In greater Kabul’s 30 districts, police plan to shore up their ranks by 4,800, nearly doubling current numbers. To do this, the mentoring team, working with civilian law enforcement experts, created an intensive three-week course rather than standard eight-week training program.
It’s a gamble, putting these inexperienced and often uneducated men out into the field so quickly — one that the U.S. tried before in Iraq. There, when fighting was at its most intense several years ago, Iraqi police officers received cursory training and were quickly dispatched onto the streets. Only now is the Iraqi Interior Ministry, along with Combined Security Transition Command — Iraq, circling back to provide those police officers with more formal recruit training.

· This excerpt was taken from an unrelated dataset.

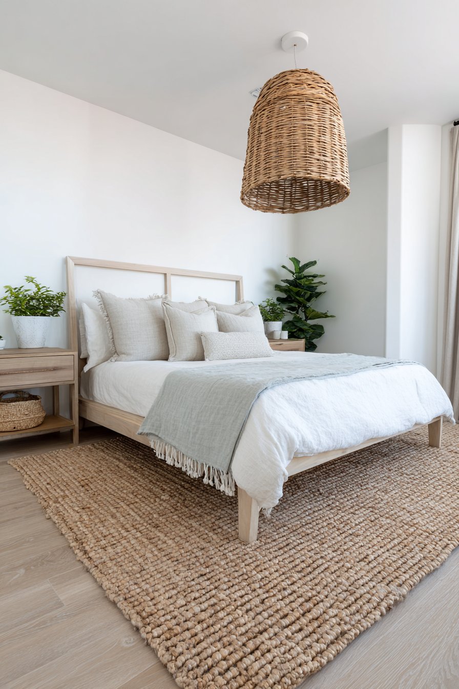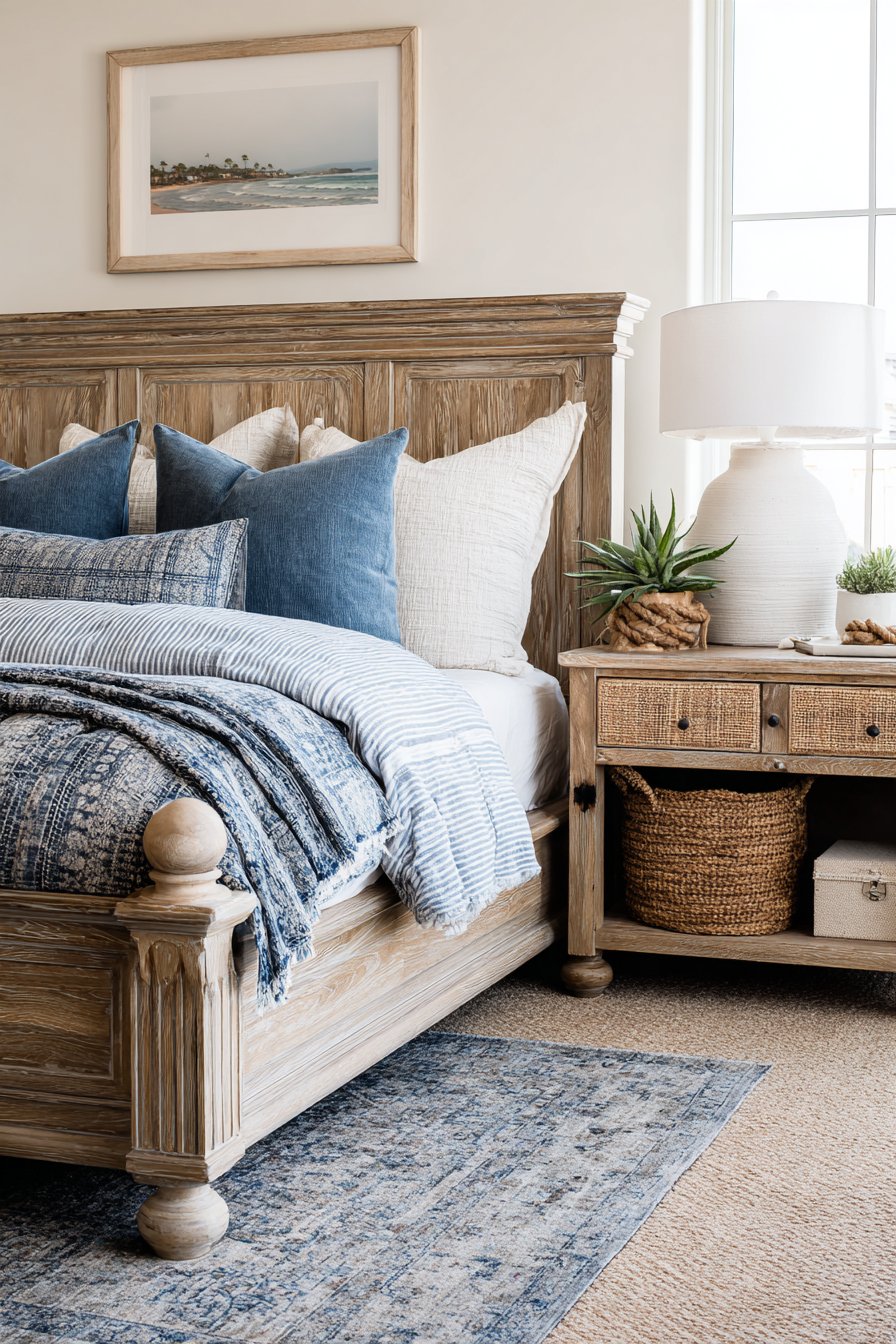 Woven rattan nightstands contribute additional organic texture while maintaining the light, airy feel essential to coastal design. White ceramic lamps with rope detailing provide the perfect finishing touch—subtle nautical references that enhance the theme without becoming cartoonish. This approach to California king bedroom design succeeds because it captures the essence of coastal living—relaxed, bright, natural—rather than relying on obvious beach motifs.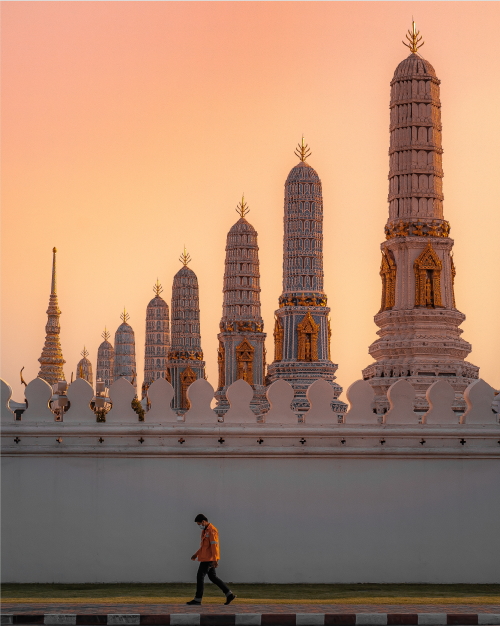 A man walks past the eight towers, or prang, of Wat Phra Kaew (Temple of the Emerald Buddha), which are in perfect alignment behind the walls. His orange jacket accentuates the golden details on the towers. Closely associated with Thailand’s kings, Wat Phra Kaew is considered the most sacred Buddhist temple in Thailand.

But in Afghanistan, with the elections scheduled for Aug. 20, and the numbers of police that require training so high, time is critical. The objective is to get as many forces out at the polls as possible, and once a new government is installed, these Afghan officers can return and receive their proper eight-week training.
Still, the commanders of Task Force Phoenix and its leadership at Combined Security Transition Command — Afghanistan often talk of building long-term sustainability in Afghanistan’s security forces, rather than the kind of quick fix this accelerated program puts in place.
But ahead of the elections, the solution was the best available, said Lt. Col. Anthony Offut of the Joint Force Headquarters Oregon National Guard.
"I hate to say it, but that’s the climate we live in right now," he said.
In the meantime, the Afghans are filling in critical numbers on the ground, said Col. Percy Hurtado of the Oklahoma National Guard. He commands the mentoring team for Kabul.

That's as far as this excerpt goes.